### Brief
Starting at the line that holds "그리고 , 콘 슬로 드레싱을 돈가스 위에 뿌려 주었는데" and stopping at the line that holds "Sensodyne Extra Whitening", restate the records below word for word, with both of those lines included.

### The input
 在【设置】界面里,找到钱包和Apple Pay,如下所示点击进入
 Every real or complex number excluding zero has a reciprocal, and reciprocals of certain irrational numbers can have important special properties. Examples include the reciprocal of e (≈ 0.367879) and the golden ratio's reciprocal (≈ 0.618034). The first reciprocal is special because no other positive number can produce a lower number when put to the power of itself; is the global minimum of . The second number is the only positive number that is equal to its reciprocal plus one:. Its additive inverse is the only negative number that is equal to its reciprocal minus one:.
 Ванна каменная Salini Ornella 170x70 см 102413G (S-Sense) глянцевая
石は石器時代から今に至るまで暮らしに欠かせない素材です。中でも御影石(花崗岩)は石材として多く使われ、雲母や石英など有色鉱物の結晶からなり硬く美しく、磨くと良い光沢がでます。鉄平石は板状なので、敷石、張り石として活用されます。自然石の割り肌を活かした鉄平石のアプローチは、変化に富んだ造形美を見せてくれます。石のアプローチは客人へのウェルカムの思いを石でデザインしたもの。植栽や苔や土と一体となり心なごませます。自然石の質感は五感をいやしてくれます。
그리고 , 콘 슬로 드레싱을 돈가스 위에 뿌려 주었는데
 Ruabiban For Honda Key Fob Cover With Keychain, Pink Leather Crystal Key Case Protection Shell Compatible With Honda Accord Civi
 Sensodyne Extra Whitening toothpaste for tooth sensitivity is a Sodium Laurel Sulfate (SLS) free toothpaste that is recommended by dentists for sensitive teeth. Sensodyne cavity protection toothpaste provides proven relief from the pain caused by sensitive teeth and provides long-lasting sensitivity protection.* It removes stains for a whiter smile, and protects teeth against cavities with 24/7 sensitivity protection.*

...

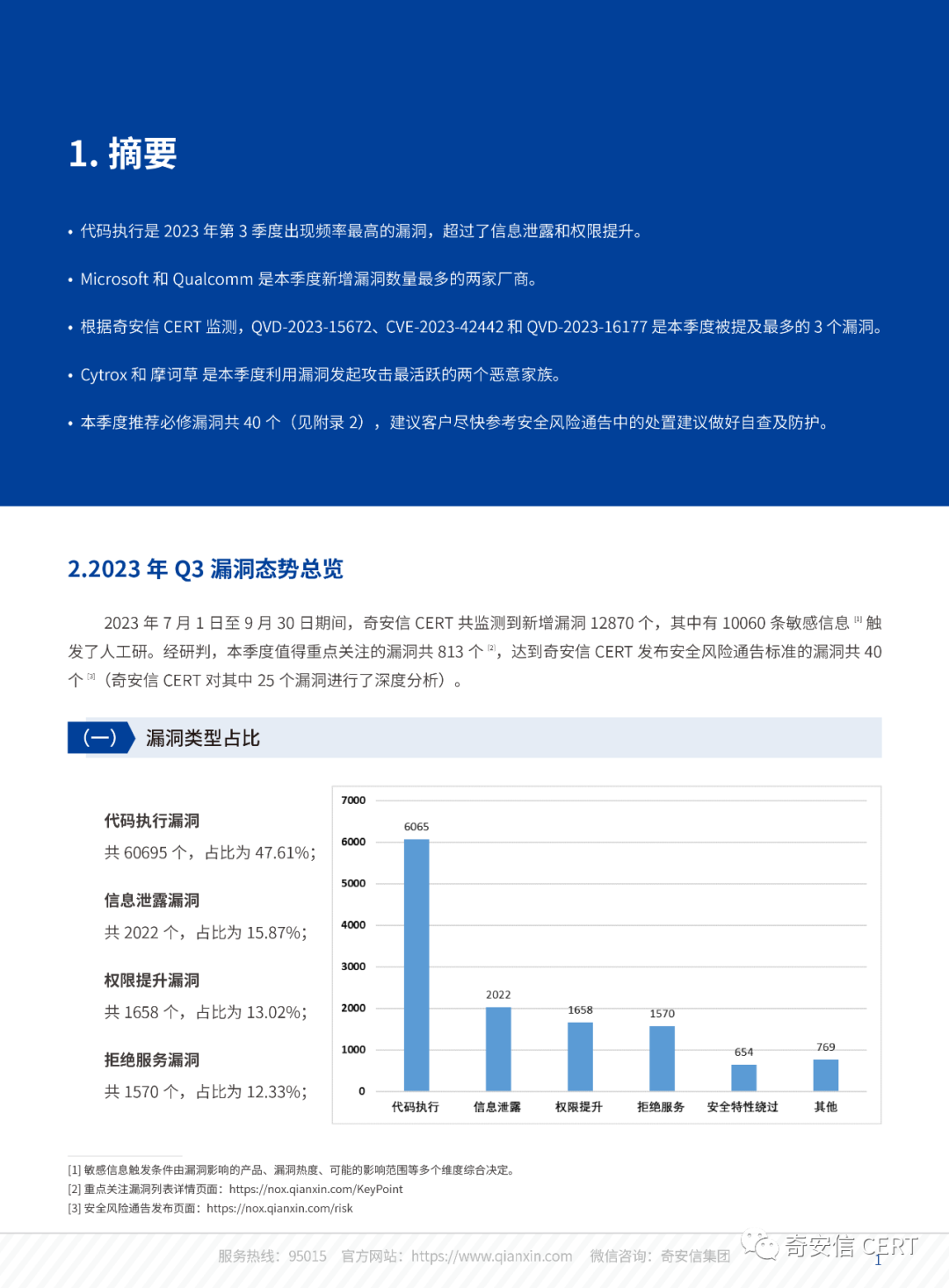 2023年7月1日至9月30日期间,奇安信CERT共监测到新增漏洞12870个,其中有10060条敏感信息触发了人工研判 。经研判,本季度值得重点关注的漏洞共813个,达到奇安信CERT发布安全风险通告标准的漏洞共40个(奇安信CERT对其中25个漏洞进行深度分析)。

* * *

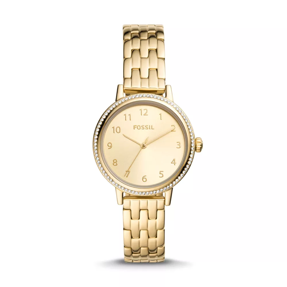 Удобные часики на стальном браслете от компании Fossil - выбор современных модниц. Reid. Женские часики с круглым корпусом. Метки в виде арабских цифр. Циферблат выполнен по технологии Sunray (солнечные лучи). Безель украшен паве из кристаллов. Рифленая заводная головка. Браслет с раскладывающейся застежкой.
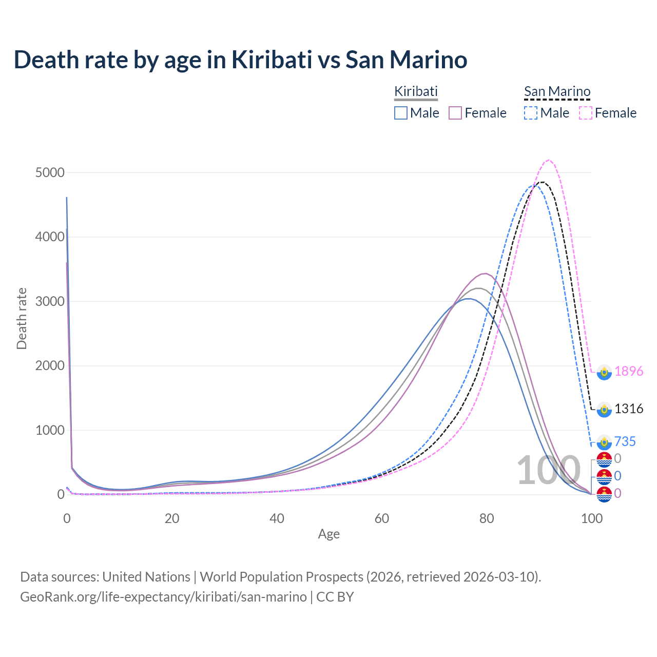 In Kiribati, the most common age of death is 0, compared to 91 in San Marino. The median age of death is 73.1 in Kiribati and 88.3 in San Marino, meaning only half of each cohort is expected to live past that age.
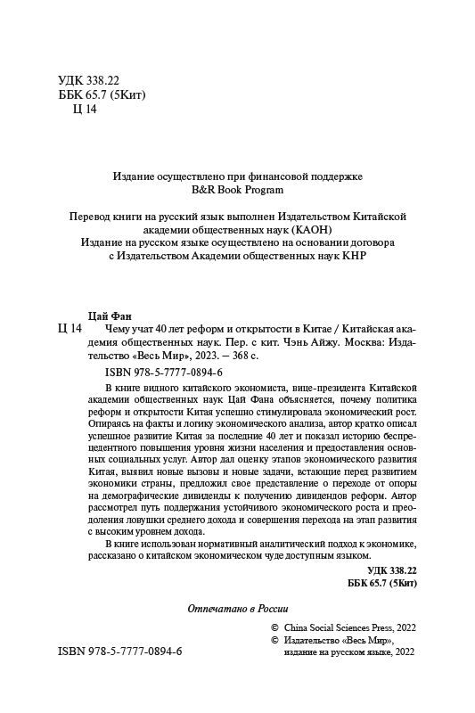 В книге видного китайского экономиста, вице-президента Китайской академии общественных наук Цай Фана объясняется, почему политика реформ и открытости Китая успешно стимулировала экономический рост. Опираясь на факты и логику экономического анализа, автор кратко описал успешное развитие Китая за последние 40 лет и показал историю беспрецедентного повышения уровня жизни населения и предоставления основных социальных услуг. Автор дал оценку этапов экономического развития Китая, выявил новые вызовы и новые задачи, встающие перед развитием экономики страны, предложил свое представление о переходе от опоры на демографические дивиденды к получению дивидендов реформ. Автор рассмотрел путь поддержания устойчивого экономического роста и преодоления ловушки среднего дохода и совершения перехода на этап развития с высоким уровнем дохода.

### Task output
그리고 , 콘 슬로 드레싱을 돈가스 위에 뿌려 주었는데
 Ruabiban For Honda Key Fob Cover With Keychain, Pink Leather Crystal Key Case Protection Shell Compatible With Honda Accord Civi
 Sensodyne Extra Whitening toothpaste for tooth sensitivity is a Sodium Laurel Sulfate (SLS) free toothpaste that is recommended by dentists for sensitive teeth. Sensodyne cavity protection toothpaste provides proven relief from the pain caused by sensitive teeth and provides long-lasting sensitivity protection.* It removes stains for a whiter smile, and protects teeth against cavities with 24/7 sensitivity protection.*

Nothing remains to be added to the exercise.